Mr Craven, who said he wanted to co- operate with the US military counsel on the case, said it might be unrealistic to expect a US presidential pardon, "certainly before the election".
President Bush is thought to be reluctant to give Mr Jenkins special treatment for fear of sending the wrong message while US troops are fighting in Iraq and of offending voters before the November presidential election.
Japan's government spokesman, Mr Hiroyuki Hosoda, declined to comment on the specifics of any meeting between Mr Jenkins and the US military lawyer.

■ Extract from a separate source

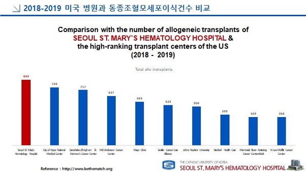 가톨릭대학교 서울성모병원 가톨릭혈액병원(병원장 혈액내과 김동욱 교수)이 세계 최초로 단일기관 조혈모세포이식 9천례를 달성했다.

"These are delicate discussions of whether he will be charged with a crime or not and it is entirely a personal and private matter," Mr Hosoda told a news conference, adding that neither US nor Japanese officials would be at the meeting.
Another American lawyer with experience defending US military personnel in Japan said it was too early to predict whether Mr Jenkins would admit guilt and seek a plea bargain.
"There is a lot more unknown than known and it depends on the unknowns," a Japan-based civilian lawyer, Ms Annette Eddie-Callagain, said. She added that any such decision would be made only after a defence lawyer was appointed.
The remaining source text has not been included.